The conceptual foundation of their experiments on germline tumors was the study of Domazet-Lošo et al (2014) introducing the concept of germline tumors in hydra (see above). While this is an intriguing hypothesis, there has been little advancement in comprehending the molecular mechanisms underlying tumor formation in hydra beyond this initial investigation. Germline tumors in hydra do not fully meet the typical criteria for neoplasms observed in mammalian tissues. More importantly, a similar phenotype was already reported by the work of Paul Brien and described as "crise gametique" (Brien, 1966, Biologie de la reproduction animale - Blastogenèse, Gamétogenèse, Sexualisation, ed. Masson & Cie, Paris). This phenomenon of gametic crisis is unique to Hydra oligactis, a stenotherm, cold-adapted cosmopolitan species. In this species, gametogenesis severely impacts the vitality of the polyps, often leading to complete exhaustion and death (Tardent, 1974). Animals can only be rescued during the initial phase of the cold-induced sexual period (see also the research of Littlefield (1984, 1985, 1986, 1991). The observed arrest in differentiation arrest in germline tumors might represent an epigenetically established consequence of surviving gametogenesis. Regrettably, this important work was not mentioned by the authors or by Domazet-Lošo et al. (2014), highlighting a notable gap in the recognition of basic research in this area that might challenge the hydra tumor hypothesis.

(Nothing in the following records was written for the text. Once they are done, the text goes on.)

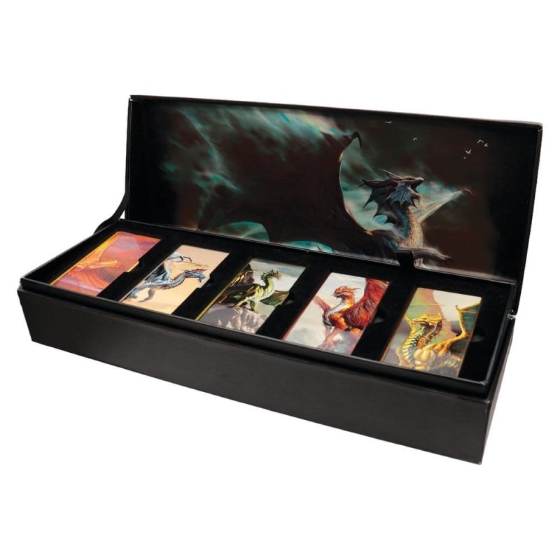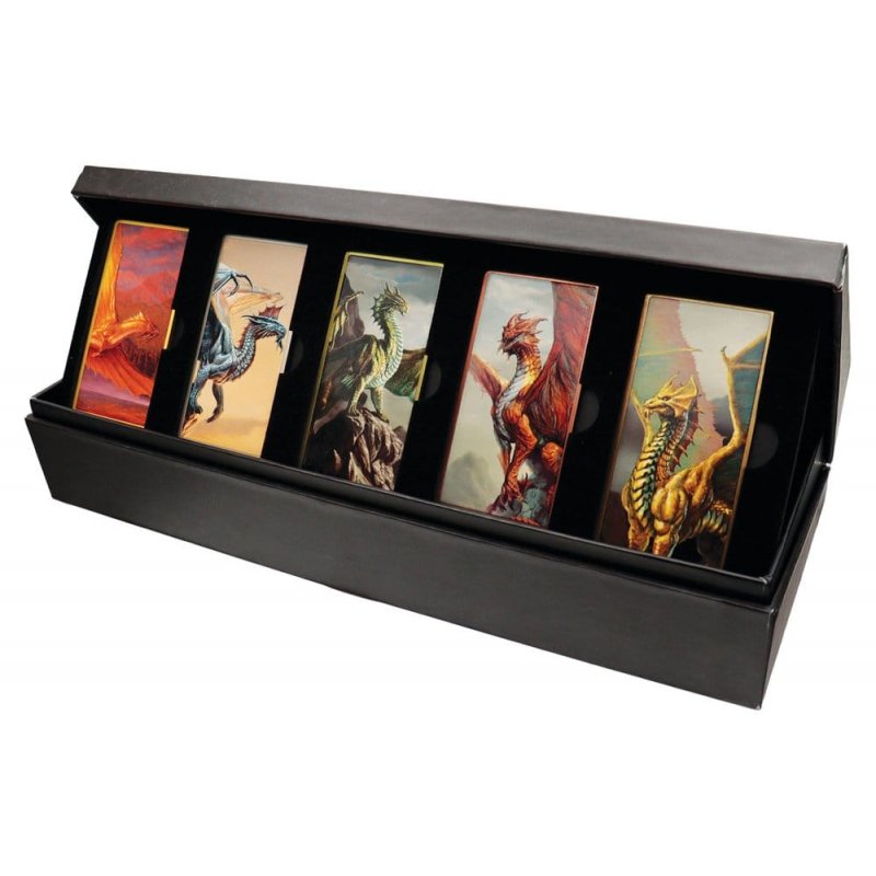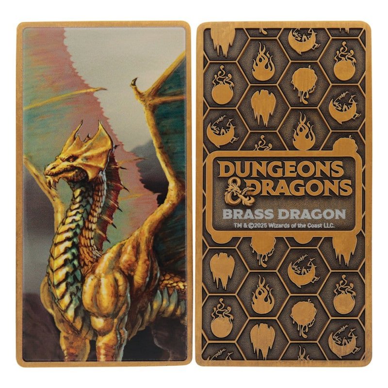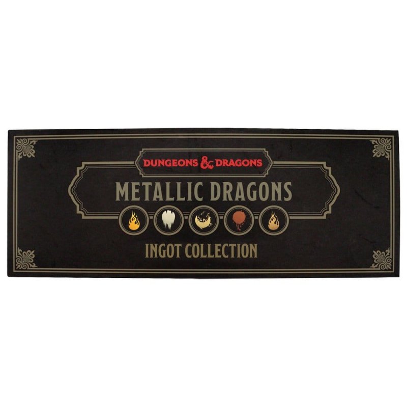 "Celebrate the legendary D&D Metallic Dragons with this officially licensed 5-Piece Ingot Collectors Set. Distinguished by the colours of their scales and revered for their wisdom and power, these iconic dragons are brought to life in a unique metal collection.This limited edition set includes Gold, Silver, Bronze, Copper, and Brass dragons, each represented by its own intricately detailed metal ingot. Every piece features a double-sided design with richly detailed artwork inspired by classic D&D lore, giving the set a striking display.With an edition size of 1,974 worldwide, honouring the year Dungeons & Dragons first launched, this collection makes for a special distinctive piece for fans, fantasy art enthusiasts, and collectors of individual D&D memorabilia.- Officially licensed - Limited to 1,974 - Individually numbered to box - Gold Dragon - 24k gold plating - Bronze Dragon - antique brass plating - Copper Dragon - antique copper plating - Brass Dragon - antique gold plating - Silver Dragon - misty silver plating - Each size 90 x 45.9mm - In display box"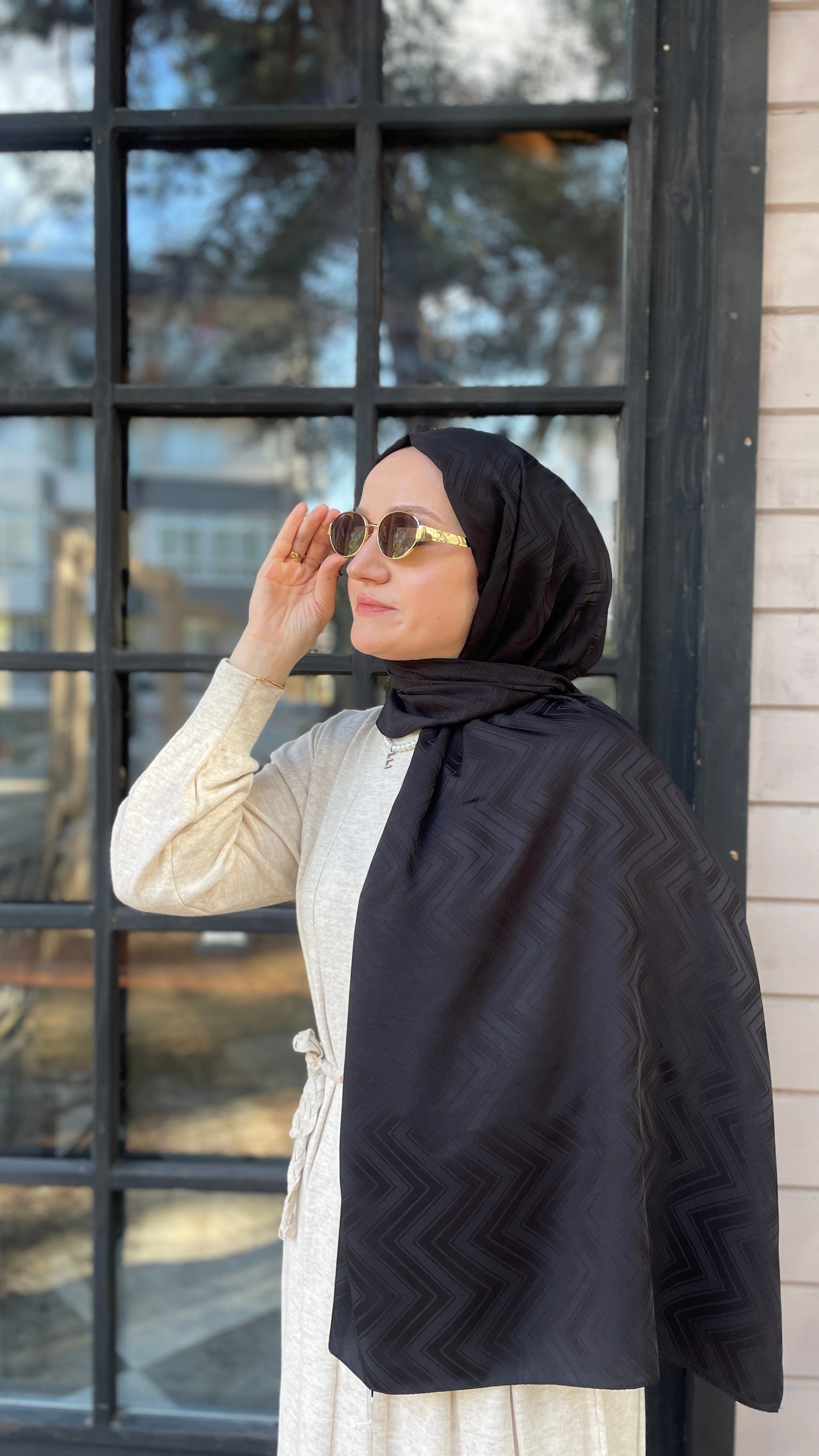 İpeksi Jakar Zikzak Desen Şal Siyah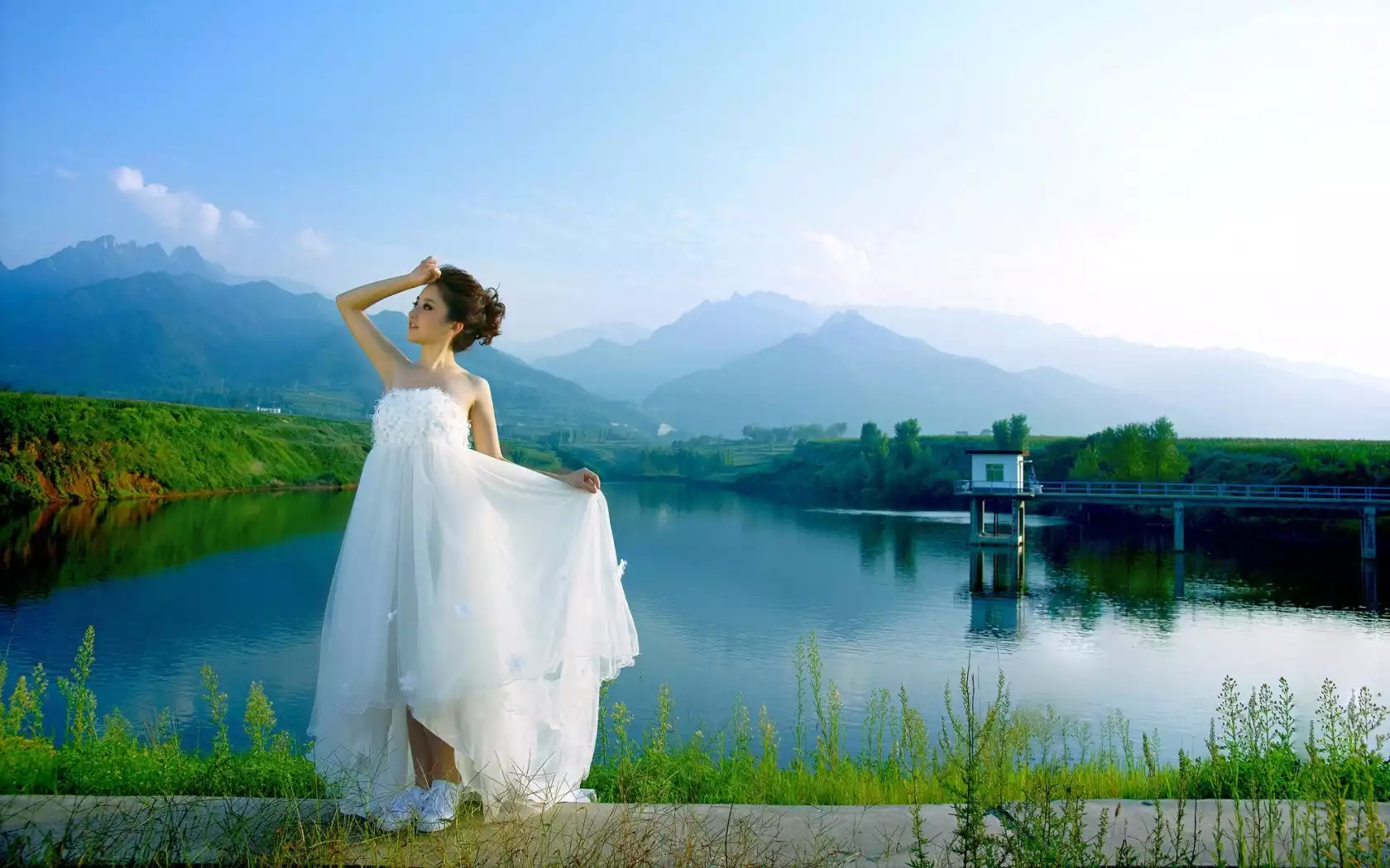 Góry, Kobieta, Biała, Sukienka, Jezioro na Komórkę

"Super-nummary" tentacles in graft experiments.
The authors describe that after grafting tissue from animals with germline tumors to wild-type animals, the number of tentacles in the host tissue increased when the donor tissue had germline tumors. A maximum effect of four additional tentacles was found with donor strain H. oligactis robusta and three additional tentacles with donor strain H.oligactis St Petersburg. In general, H.oligactis wild-type host strains had fewer tentacles than H.oligactis St Petersburg strains. This is consistent with the results of Domazet-Lošo et al (2014) who showed that the number of tentacles increased in the strains with germline tumors. What conclusions can be drawn from these experiments? The authors might want to conclude that transmissible tumors in Hydra have developed strategies to manipulate the phenotype of their host. But there is no evidence for this, as essential controls are missing. It is known that the size of hydra polyps is proportion-regulated, i.e. the number of tentacles varies with the size and number of (epithelial) cells. Such controls are missing in the experiments. There is also a lack of controls from wild-type animals in gametogenesis: it is very likely that grafts with wild-type animals with egg spots of comparable size as the germline tumors (see above) will result in similar numbers of tentacles in host tissue.